It happens every year.
When the temperature in Florida drops into the 30s, the iguanas freeze. Unable to regulate their body temperature, they drop out of trees, landing on sidewalks and in yards like solid rubber toy animals.
The freeze doesn’t kill them though. It just stuns them for a while, then they eventually warm up, reanimate, and go about their daily iguana business.
Getting stunned like this can’t be avoided for the iguanas. Amazon is not yet selling iguana jackets, and online delivery to lizards is notoriously complicated. (Note to self: Business opportunity?)
But unlike iguanas, businesses can reduce their chances at getting stunned — at least when it comes to avoiding lawsuits from staffing agency workers.

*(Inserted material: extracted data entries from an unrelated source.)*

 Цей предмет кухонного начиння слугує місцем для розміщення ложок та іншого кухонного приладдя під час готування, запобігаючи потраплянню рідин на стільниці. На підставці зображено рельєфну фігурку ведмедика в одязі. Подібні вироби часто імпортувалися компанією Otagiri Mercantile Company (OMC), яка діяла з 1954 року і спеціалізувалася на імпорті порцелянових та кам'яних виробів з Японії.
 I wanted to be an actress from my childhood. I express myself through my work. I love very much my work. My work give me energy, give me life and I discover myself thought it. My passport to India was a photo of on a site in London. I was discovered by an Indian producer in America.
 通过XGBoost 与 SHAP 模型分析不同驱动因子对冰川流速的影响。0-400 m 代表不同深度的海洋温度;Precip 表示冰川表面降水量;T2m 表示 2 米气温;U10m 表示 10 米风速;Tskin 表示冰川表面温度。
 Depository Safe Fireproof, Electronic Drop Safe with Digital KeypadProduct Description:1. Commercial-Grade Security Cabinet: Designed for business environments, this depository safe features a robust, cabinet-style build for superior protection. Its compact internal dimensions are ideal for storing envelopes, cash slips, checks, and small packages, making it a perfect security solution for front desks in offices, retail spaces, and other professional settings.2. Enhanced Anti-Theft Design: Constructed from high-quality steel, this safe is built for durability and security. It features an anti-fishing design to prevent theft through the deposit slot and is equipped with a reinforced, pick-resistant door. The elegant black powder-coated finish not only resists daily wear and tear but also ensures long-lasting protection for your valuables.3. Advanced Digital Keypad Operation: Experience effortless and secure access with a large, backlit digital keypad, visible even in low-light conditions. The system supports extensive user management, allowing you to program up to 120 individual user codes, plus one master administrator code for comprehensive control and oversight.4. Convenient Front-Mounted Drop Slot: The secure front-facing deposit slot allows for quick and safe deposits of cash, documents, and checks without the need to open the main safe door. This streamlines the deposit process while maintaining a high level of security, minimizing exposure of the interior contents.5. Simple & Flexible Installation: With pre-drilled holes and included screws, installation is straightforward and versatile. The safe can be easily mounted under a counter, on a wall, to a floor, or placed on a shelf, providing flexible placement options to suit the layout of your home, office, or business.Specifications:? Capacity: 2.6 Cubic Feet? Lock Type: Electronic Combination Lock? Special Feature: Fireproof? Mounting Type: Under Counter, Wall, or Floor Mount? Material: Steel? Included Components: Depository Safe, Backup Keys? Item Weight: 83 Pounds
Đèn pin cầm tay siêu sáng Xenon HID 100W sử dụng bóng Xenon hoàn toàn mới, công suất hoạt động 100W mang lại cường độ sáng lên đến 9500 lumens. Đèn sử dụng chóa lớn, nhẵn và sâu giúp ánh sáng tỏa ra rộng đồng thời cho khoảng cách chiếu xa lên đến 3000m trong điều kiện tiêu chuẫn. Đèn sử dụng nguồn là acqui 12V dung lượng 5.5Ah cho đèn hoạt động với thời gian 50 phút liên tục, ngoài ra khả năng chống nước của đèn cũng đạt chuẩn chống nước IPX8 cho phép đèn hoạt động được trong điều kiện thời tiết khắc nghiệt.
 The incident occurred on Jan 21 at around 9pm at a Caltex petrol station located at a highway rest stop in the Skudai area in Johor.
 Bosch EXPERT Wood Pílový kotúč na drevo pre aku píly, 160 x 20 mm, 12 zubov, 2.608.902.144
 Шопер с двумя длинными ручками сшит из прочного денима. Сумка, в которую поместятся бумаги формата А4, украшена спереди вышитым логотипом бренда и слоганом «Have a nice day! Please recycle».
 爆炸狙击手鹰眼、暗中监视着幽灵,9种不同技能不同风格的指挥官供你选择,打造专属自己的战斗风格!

When staffing agency workers file wage and hour lawsuits, they often sue both the staffing agency and the business where they worked. The workers allege that both are joint employers, often bringing class claims or a collective action.
Businesses that carefully draft their staffing agency agreements will have some natural defenses against these claims. I’ve written about that here. I call this strategy The Monster with Three Eyes.

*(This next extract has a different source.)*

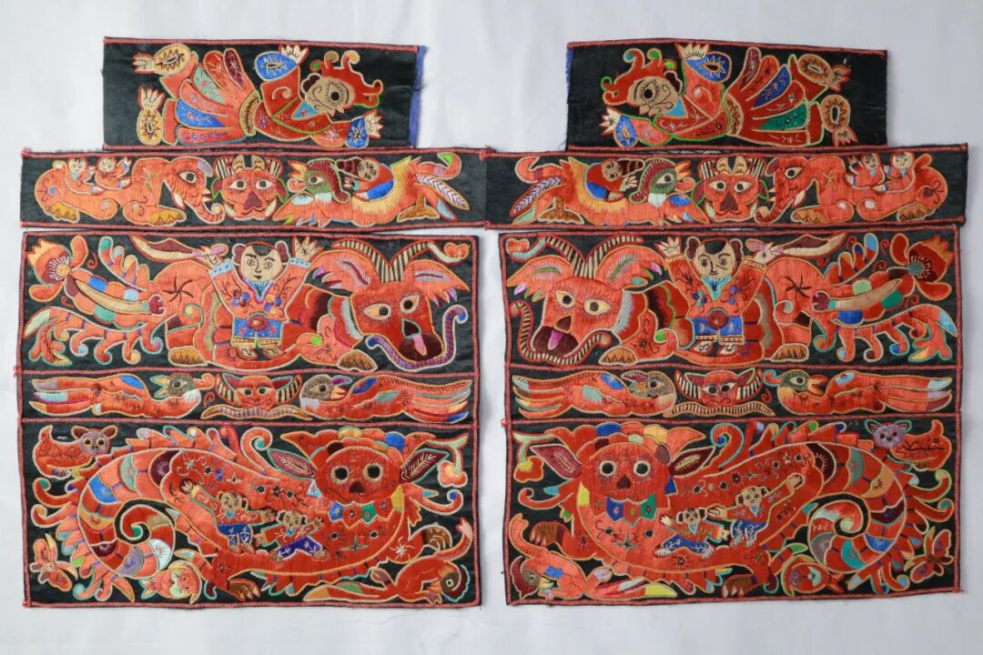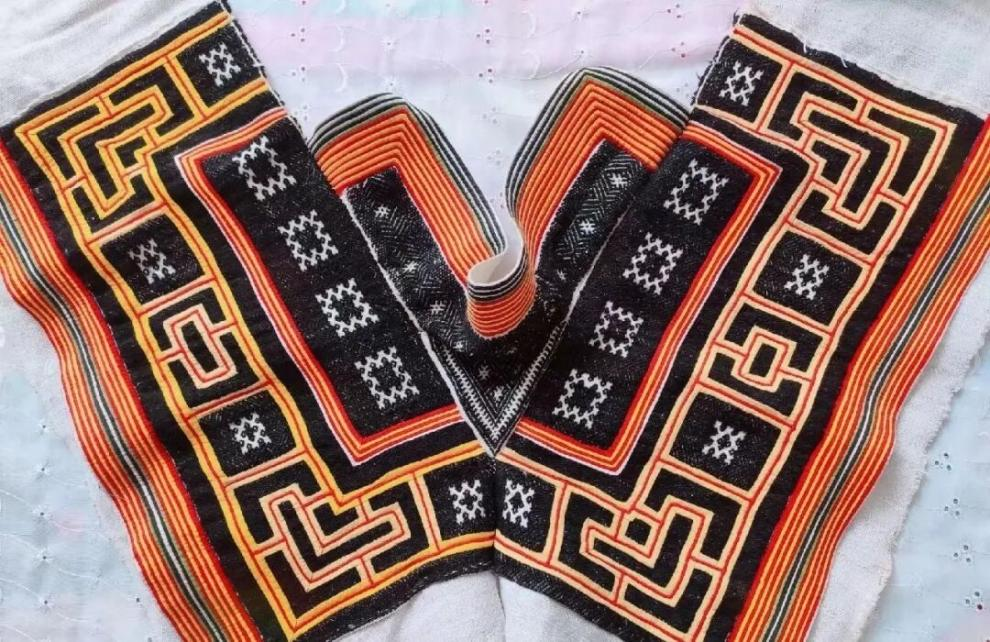 锁绣作为古老的刺绣针法,在部分苗族地区得到了很好的传承和发展,其中在小部分地区将锁绣作为服饰主体纹样的刺绣手法,大部分地区将锁绣作为边缘配花或者用于轮廓勾边。

But there’s a fourth strategy too. Force individual staffing agency workers to arbitrate these claims instead of pursuing them in court, and include class action waivers with the agreement to arbitrate.
There are two ways to introduce arbitration agreements with class waivers in your staffing agency agreements.
First, you can mandate that staffing agencies sign arbitration agreements with their own employees. Some courts have found that arbitration agreements between a staffing agency and its employee protect the third party business too, even if the third party hasn’t signed the agreement.
But that approach carries risk. The agency’s arbitration agreement might be poorly written, or it might include terms that make it unenforceable. Your protection is only as good as whatever form agreement the agency presents to their workers.
There’s a second approach I like better. It goes like this:
- Draft your own individual arbitration agreement (with class waiver) for staffing agency workers to sign, requiring them to arbitrate any claims against you. Make it mutual, of course.
- Append it to the staffing agency agreement as an exhibit.
- Include a clause in the staffing agency agreement requiring the agency not to assign anyone to your business unless they’ve first signed this agreement.
The agreement will be short. No more than two pages. It can also include an agreement by the agency worker to protect your confidential information and assign inventions.
If the document is properly characterized as an offer by your business, accepted by the worker, you have offer plus acceptance equals contract — even if your business doesn’t sign it. There is specific language you can include that can make that work.
So if you use staffing agency workers, don’t assume you won’t get sued as a joint employer. You particularly want to avoid class and collective actions, and this type of arbitration agreement will do the trick.
Plan for bad weather in advance. Include this layer of protection with your staffing agency agreements. Consider it your own little iguana jacket.